Meu amor, meu verbo, meu André.

Você faria aniversário hoje. Eu faria o bolo recheado e coberto do teu doce preferido. Aquele doce que juntava nossas tardes e deixava nossos passos ritmados e frequentes, todos num. Ajudaria a apagar as vinte e poucas velas dos teus anos de vida, que são acesos em mim, guardados vivos comigo. Pintaria teu nariz com o açúcar para devolver-me os teus beijos a marcar o meu rosto com a tua ternura. A tua vida continuada no que me inspira, nossas alegrias, e que eu peguei para mim nesse viver que é também. Você faria para mim o melhor desenho de abraço, a melhor arte, é certo. Eu grudaria teu pescoço num laço com os braços do meu corpo completo e sorriríamos... O teu sorriso de som da melhor melodia que eu pude ganhar e aprender e cantar em meus silêncios de flauta que só você reconheceu. O sorriso que levou de mim tua nova companheira eterna - esta vida que é além deste chão - mas que insisto em dar-te hoje, presa aqui, porque é ainda teu aniversário e eu sei que te alcanço nessa tua morada protetora. Eu sei, você celebra comigo o nascer que foi teu de antes, o meu nascer de plenitude depois. Nascidos fomos, não é? Para estarmos de frente, assim, como te tenho nas lembranças dos sentidos.

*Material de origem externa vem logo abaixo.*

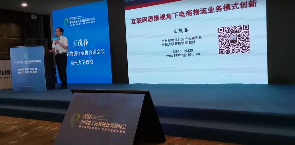 王茂春教授受邀担任2018中国电子商务创新发展峰会主讲嘉宾,在电商物流分论坛上作了题为《互联网思维视角下电商物流业务模式创新》的主题演讲。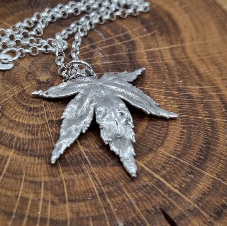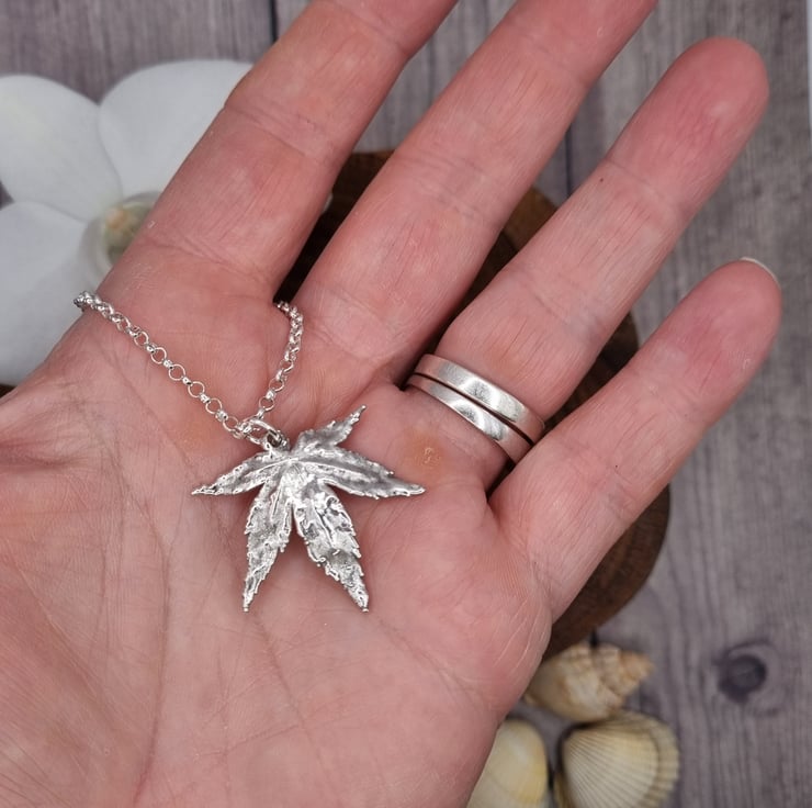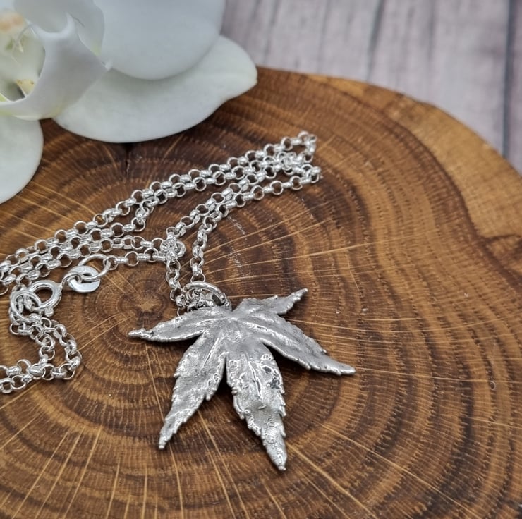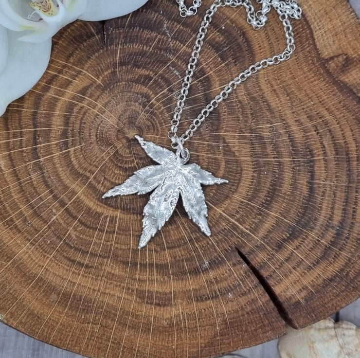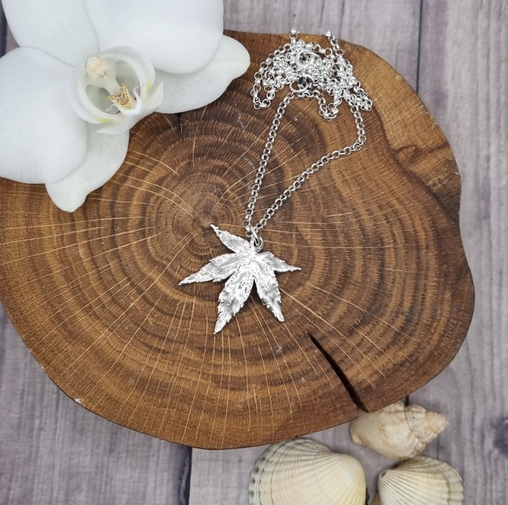 This Acer (also known as Japanese Maple) leaf measure approximately 3cm high and is supplied on an 18 inch sterling silver necklace chain, different styles and length of chain can be supplied on request, please message me for a quote.

Ocuparia eu a tua mão de cá, os meus olhos fitariam repetidamente os caminhos junto aos teus, meu horizonte azul sem fim. E a gente seguiria a outras comemorações. Mas... Tão rápido teus gestos enfeitaram o ar, tão exato foi o tempo, tão para sempre levou de mim meu melhor amor de carne que me restou apenas celebrar os sentimentos imortais e as lágrimas que já não são de perda. O amor dado, multiplicado, lotado. Porque você faz aniversário hoje, meu amor, dentro de mim.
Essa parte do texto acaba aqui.